Information shown:
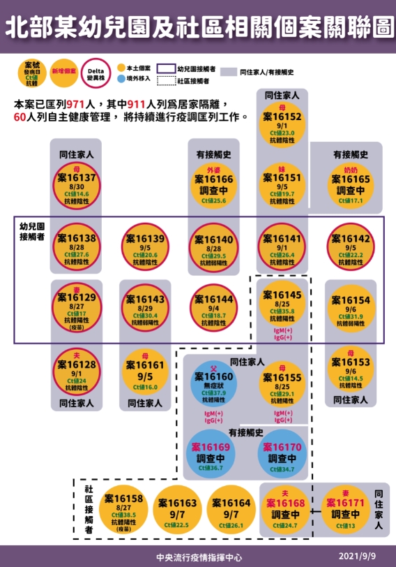 至於國內新增的4本土個案中,為3例男性、1例女性,其中包含一對板橋社區的裝修夫妻,這4例個案年齡介於30歲至50多歲,其中1例發病日為今(2021)年9月5日、餘3例為無症狀感染;個案分布為臺北市及新北市各2例,其中3例為已知感染源、1例關聯不明,衛生單位將持續進行疫情調查及防治,以釐清感染源。
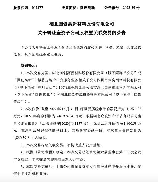5月18日晚间,湖北国创高新材料股份有限公司(以下简称“国创高新”或“公司”)发布关于转让全资子公司股权暨关联交易的公告。公告称,拟将房地产中介服务业务相关子公司深圳市云房网络科技有限公司(简称“深圳云房”)100%股权转让给公司的关联方。本次资产出售完成后,国创高新不再持有深圳云房股权,深圳云房不再纳入国创高新合并报表范围。本次交易完成后,上市公司将剥离持续亏损的房地产中介服务业务,聚焦于主业新材料业务。
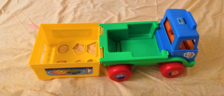 3. Машинка - сортер - все фигурки потерялись, можно использовать как грузовую машинку (кузов открывается), либо как каталку, привязав веревочку.

Work instruction: Reproduce the data above exactly, leaving out any picture in it.

Task answer:
 至於國內新增的4本土個案中,為3例男性、1例女性,其中包含一對板橋社區的裝修夫妻,這4例個案年齡介於30歲至50多歲,其中1例發病日為今(2021)年9月5日、餘3例為無症狀感染;個案分布為臺北市及新北市各2例,其中3例為已知感染源、1例關聯不明,衛生單位將持續進行疫情調查及防治,以釐清感染源。
5月18日晚间,湖北国创高新材料股份有限公司(以下简称“国创高新”或“公司”)发布关于转让全资子公司股权暨关联交易的公告。公告称,拟将房地产中介服务业务相关子公司深圳市云房网络科技有限公司(简称“深圳云房”)100%股权转让给公司的关联方。本次资产出售完成后,国创高新不再持有深圳云房股权,深圳云房不再纳入国创高新合并报表范围。本次交易完成后,上市公司将剥离持续亏损的房地产中介服务业务,聚焦于主业新材料业务。
 3. Машинка - сортер - все фигурки потерялись, можно использовать как грузовую машинку (кузов открывается), либо как каталку, привязав веревочку.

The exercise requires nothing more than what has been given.